Difference Between pivot_wider and pivot_longer
While pivot_longer() is utilized to convert data from wide to long format, pivot_wider() performs the opposite operation by reshaping data from long to wide format. Essentially, pivot_longer() is applied when variables are distributed across multiple columns and need to be stacked into a single column. On the other hand, pivot_wider() is employed when dealing with a key-value pair structure, and the goal is to spread the values across multiple columns.
This example will help us illustrate the difference:
Code:
long_data <- data.frame(ID = c(1, 2, 3), Variable = c("A", "B", "C"), Value = c(10, 15, 12)) wide_data <- pivot_wider(long_data, names_from = Variable, values_from = Value) print(wide_data)
Output:
# A tibble: 3 × 4 ID A B C 1 1 10 NA NA 2 2 NA 15 NA 3 3 NA NA 12
In this example, pivot_wider() is applied to the long-format data, creating columns for each unique value in the "Variable" column.

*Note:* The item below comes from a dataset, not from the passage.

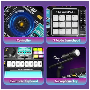 A mesa DJ mixer musical infantil Tsomtto é um brinquedo eletrônico que combina teclado de piano, discos de DJ, efeitos sonoros e painel com luzes LED dinâmicas para atividades musicais e de ritmo. O brinquedo incorpora 12 músicas pré-programadas em estilo MIDI, funções de efeitos de DJ, teclas de piano, mesa giratória, jogo tipo “acertar o alvo” e entrada para microfone, criando um centro de atividades musicais para crianças. O painel permite ajustes de luz, reprodução de sons, gravação simples e conexão a dispositivos externos via USB para ampliar as possibilidades de uso.

Difference Between melt and pivot_longer
The melt() function in R, often used with the reshape2 package shares the same goal with pivot_longer() function, that of transforming the data. But both differ in terms of syntax and implementation.
melt() Code:
library(reshape2)
melted_data <- melt(wide_data, id.vars = "ID", variable.name = "Variable", value.name = "Value")
print(melted_data)
Output:
ID Variable Value 1 1 A 10 2 2 A NA 3 3 A NA 4 1 B NA 5 2 B 15 6 3 B NA 7 1 C NA 8 2 C NA 9 3 C 12
In this example, melt() is used to transform the wide-format data into long format. The id.vars parameter specifies the identifier variable, and the variable.name and value.name parameters define the names of the new columns for variable names and values, respectively.
pivot_longer() Code:
library(tidyr) long_data <- pivot_longer(wide_data, cols = -ID, names_to = "Variable", values_to = "Value") print(long_data)
Output:
# A tibble: 9 × 3 ID Variable Value 1 1 A 10 2 1 B NA 3 1 C NA 4 2 A NA 5 2 B 15 6 2 C NA 7 3 A NA 8 3 B NA 9 3 C 12
In contrast, pivot_longer() offers a more concise syntax to achieve the same outcome. Operating within the tidyverse framework, it seamlessly integrates with other tidyverse functions.
Conclusion
In the world of working with data in R, pivot_longer() is a handy tool for changing how data looks. It's great for turning wide data into a format that's easier to handle. This opens up new ways to analyze, visualize, and model your data. If you understand how to use pivot_longer() well, it's a useful skill that can make you better at working with data in R. To sum it up, whether you're dealing with time-series data, product info, or any situation where data is spread across many columns, pivot_longer() is the function you want. It helps make your data neat and ready for analysis. As you get more into using R's tidyverse, pivot_longer() will become an essential tool in your data toolbox.